| Type: | Package |
| Title: | Convenient Access to NYS Open Data API Endpoints |
| Version: | 0.1.1 |
| Description: | Provides helper functions to access datasets from the NYS Open Data platform https://data.ny.gov/. Functions return results as tidy tibbles and support optional filtering, sorting, and row limits via the Socrata API. |
| License: | MIT + file LICENSE |
| Encoding: | UTF-8 |
| RoxygenNote: | 7.3.3 |
| Imports: | dplyr, tibble, stringr, jsonlite, httr, janitor, rlang |
| Suggests: | curl, covr, knitr, testthat (≥ 3.0.0), vcr, withr, webmockr, ggplot2 |
| URL: | https://martinezc1.github.io/nysOpenData/, https://github.com/martinezc1/nysOpenData |
| BugReports: | https://github.com/martinezc1/nysOpenData/issues |
| VignetteBuilder: | knitr |
| Config/testthat/edition: | 3 |
| Depends: | R (≥ 4.1.0) |
| NeedsCompilation: | no |
| Packaged: | 2026-03-27 19:19:58 UTC; christianmartinez |
| Author: | Christian Martinez
|
| Maintainer: | Christian Martinez <c.martinez0@outlook.com> |
| Repository: | CRAN |
| Date/Publication: | 2026-04-01 08:00:14 UTC |
Load Any NYS Open Data Dataset
Description
Downloads any NYS Open Data dataset given its Socrata JSON endpoint.
Usage
nys_any_dataset(
json_link,
limit = 10000,
timeout_sec = 30,
clean_names = TRUE,
coerce_types = TRUE
)
Arguments
json_link |
A Socrata dataset JSON endpoint URL (e.g., "https://data.ny.gov/resource/28gk-bu58.json"). |
limit |
Number of rows to retrieve (default = 10,000). |
timeout_sec |
Request timeout in seconds (default = 30). |
clean_names |
Logical; if TRUE, convert column names to snake_case (default = TRUE). |
coerce_types |
Logical; if TRUE, attempt light type coercion (default = TRUE). |
Value
A tibble containing the requested dataset.
Examples
# Examples that hit the live nys Open Data API are guarded so CRAN checks
# do not fail when the network is unavailable or slow.

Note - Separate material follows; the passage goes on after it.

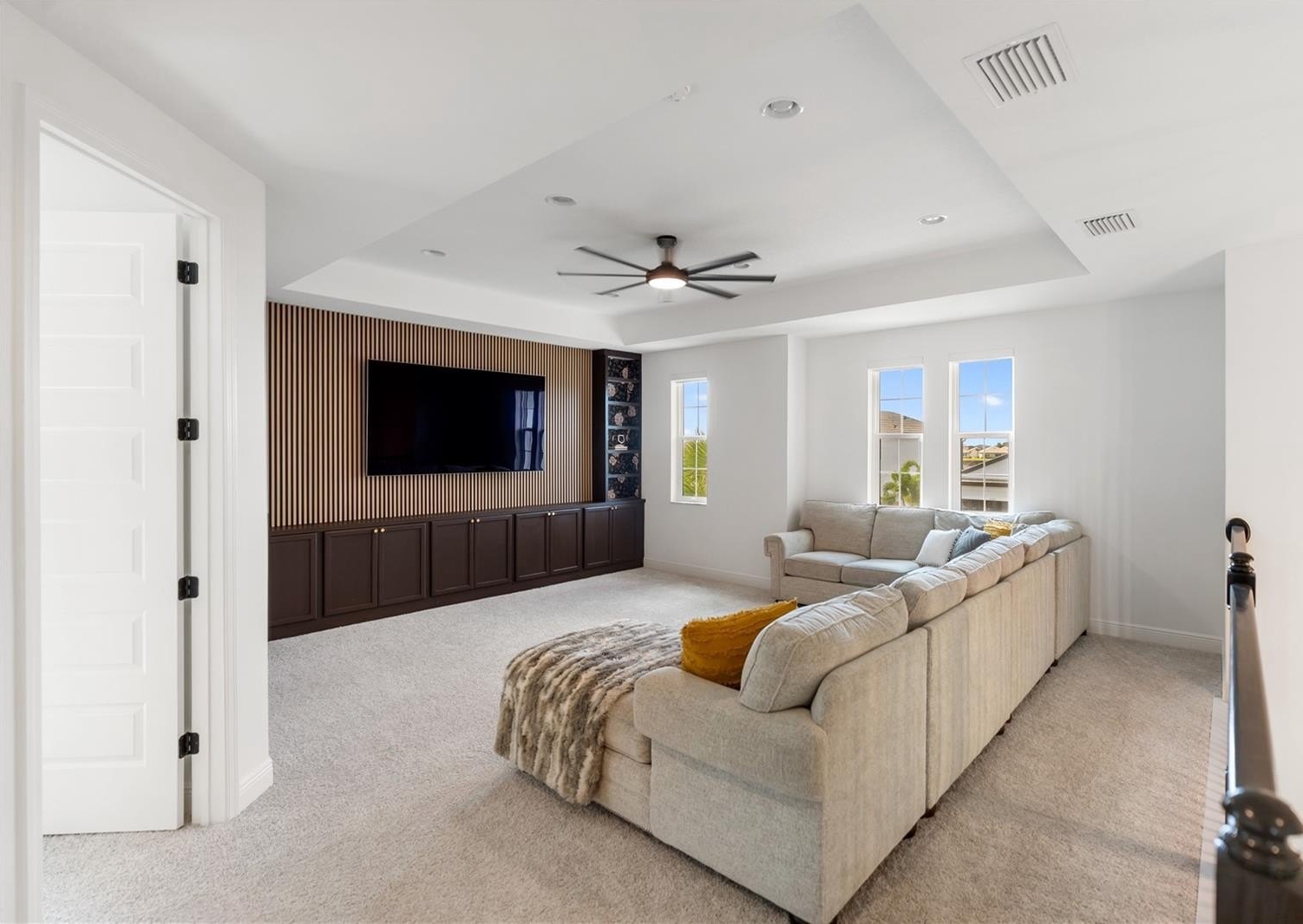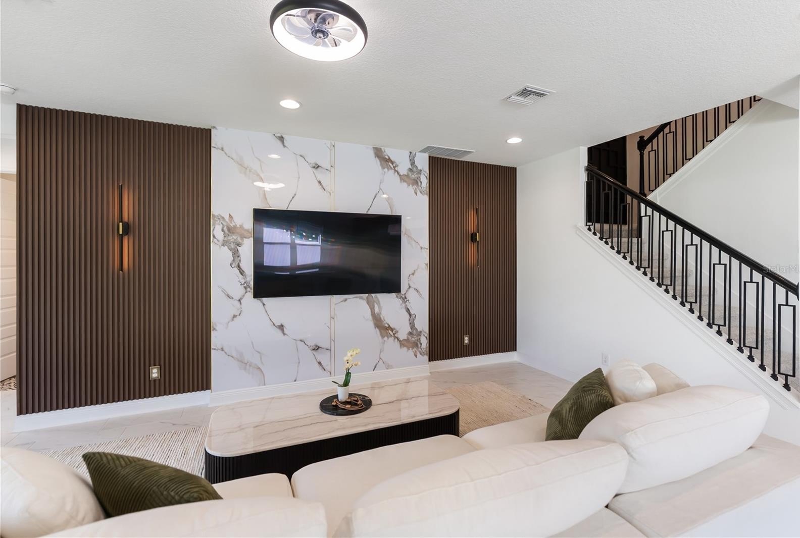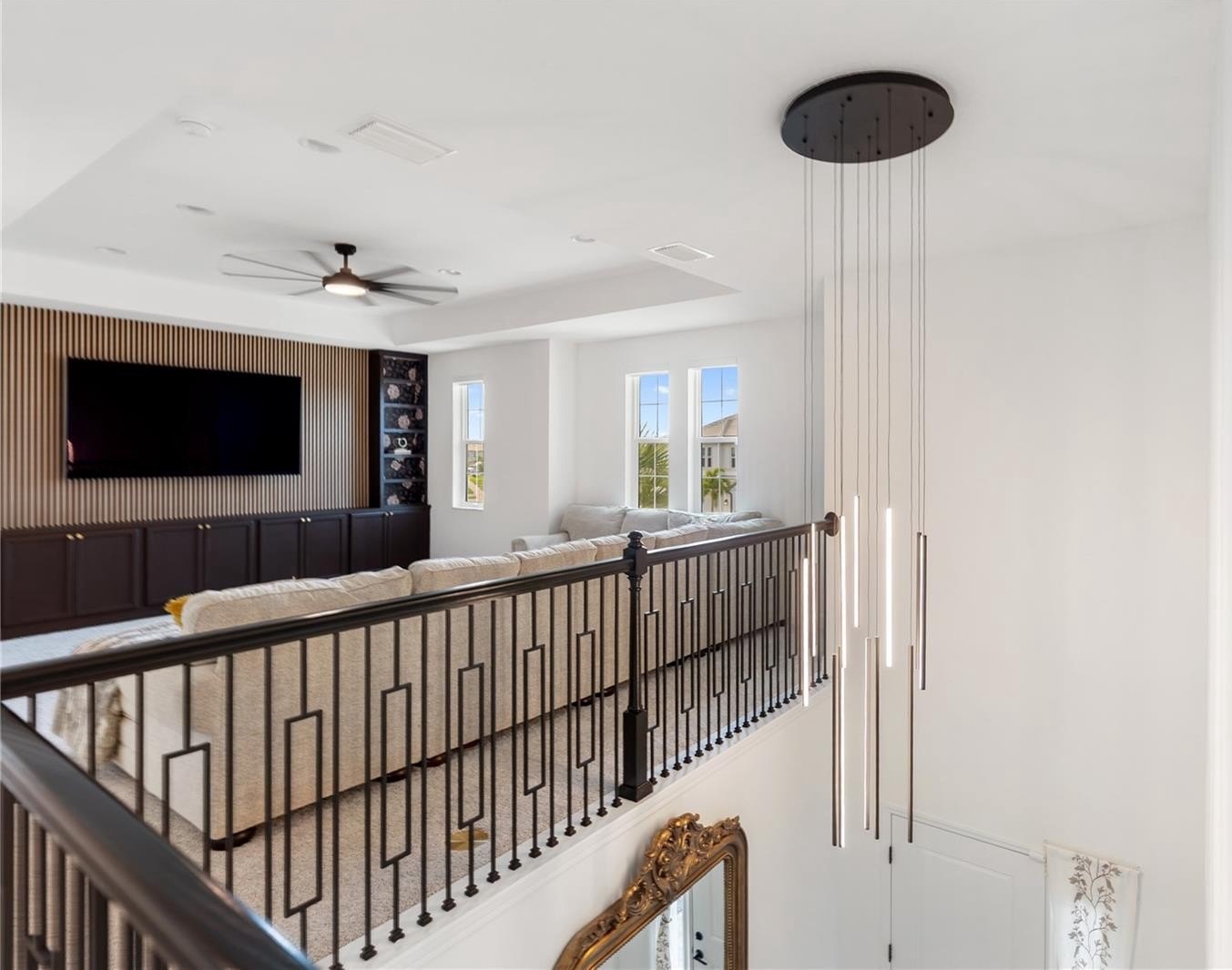 Welcome to a beautifully designed home in Sweetwater at Lakewood Ranch, where modern style meets everyday comfort in one of the area’s most sought-after communities. This 5 bedroom, 5 bathroom home offers a clean, elevated feel with thoughtful upgrades and a layout that just makes sense. From the moment you walk in, you’re greeted by soaring ceilings, natural light, and an open, airy feel, with a statement entry featuring custom lighting that flows seamlessly into the main living spaces. The kitchen is beautifully designed and opens directly to the living and dining areas, making it perfect for entertaining or everyday living, with custom touches throughout including accent walls, upgraded lighting, and high-end finishes that truly set this home apart. A rare custom upgrade, this home features a primary suite on the first floor, something not offered in other floor plans, complete with dual vanities, a spacious walk-in closet, and a full bath, creating the perfect private retreat. Upstairs, a spacious loft provides the perfect second living area, media room, or game space, complete with a custom built-in feature wall that adds both style and functionality. The primary suite is bright and spacious, featuring a tray ceiling, oversized fan, and plenty of room to unwind, while the bathrooms throughout the home offer clean, modern finishes including quartz countertops, upgraded cabinetry, and glass-enclosed showers. For added peace of mind, the home is equipped with hurricane shutters and all windows are hurricane-impact rated. Every space in this home feels intentional while still being highly functional for daily living. Located in Sweetwater at Lakewood Ranch, residents enjoy resort-style amenities including a clubhouse, fitness center, resort-style pool, playground, and scenic walking trails, all just minutes from Waterside Place, Main Street, dining, shopping, golf, and a short drive to Siesta Key and the area’s beautiful beaches. This is the kind of home that feels just as good in person as it looks in photos.
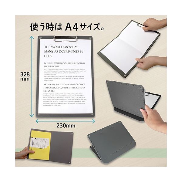 持ち運びも簡単 使う時だけ大きく広げられる 便利な折りたたみクリップボードセット A4サイズのダークグレーで

if (interactive() && curl::has_internet()) {
endpoint <- "https://data.ny.gov/resource/28gk-bu58.json"
out <- try(nys_any_dataset(endpoint, limit = 3), silent = TRUE)
if (!inherits(out, "try-error")) {
head(out)
}
}
List datasets available in nysOpenData
Description
Retrieves the current Open NY catalog and returns datasets available for use with 'nys_pull_dataset()'.
Usage
nys_list_datasets()
Details
Keys are generated from dataset titles using 'janitor::make_clean_names()'.
Value
A tibble of available datasets, including generated 'key', dataset 'uid', and dataset 'title'.
Examples
if (interactive() && curl::has_internet()) {
nys_list_datasets()
}
Pull a NYS Open Data dataset from the NYS Open Data catalog
Description
Uses a dataset 'key' or 'uid' from 'nys_list_datasets()' to pull data from NYS Open Data.
Usage
nys_pull_dataset(
dataset,
limit = 10000,
filters = list(),
date = NULL,
from = NULL,
to = NULL,
date_field = NULL,
where = NULL,
order = NULL,
timeout_sec = 30,
clean_names = TRUE,
coerce_types = TRUE
)
Arguments
dataset |
A dataset key or UID from 'nys_list_datasets()'. |
limit |
Number of rows to retrieve (default = 10,000). |
filters |
Optional named list of filters. Supports vectors (translated to IN()). |
date |
Optional single date (matches all times that day) using 'date_field'. |
from |
Optional start date (inclusive) using 'date_field'. |
to |
Optional end date (exclusive) using 'date_field'. |
date_field |
Optional date/datetime column to use with 'date', 'from', or 'to'. Must be supplied when 'date', 'from', or 'to' are used. |
where |
Optional raw SoQL WHERE clause. If 'date', 'from', or 'to' are provided, their conditions are AND-ed with this. |
order |
Optional SoQL ORDER BY clause. |
timeout_sec |
Request timeout in seconds (default = 30). |
clean_names |
Logical; if TRUE, convert column names to snake_case (default = TRUE). |
coerce_types |
Logical; if TRUE, attempt light type coercion (default = TRUE). |
Details
Dataset keys are generated from dataset titles using 'janitor::make_clean_names()'. Because keys are derived from live catalog metadata, dataset UIDs are the more stable option.
Value
A tibble.
Examples
if (interactive() && curl::has_internet()) {
# Pull by key
nys_pull_dataset("311_service_requests", limit = 3)
# Pull by UID
nys_pull_dataset("28gk-bu58", limit = 3)
# Filters
nys_pull_dataset("28gk-bu58", limit = 3, filters = list(award_name = "MBA"))
}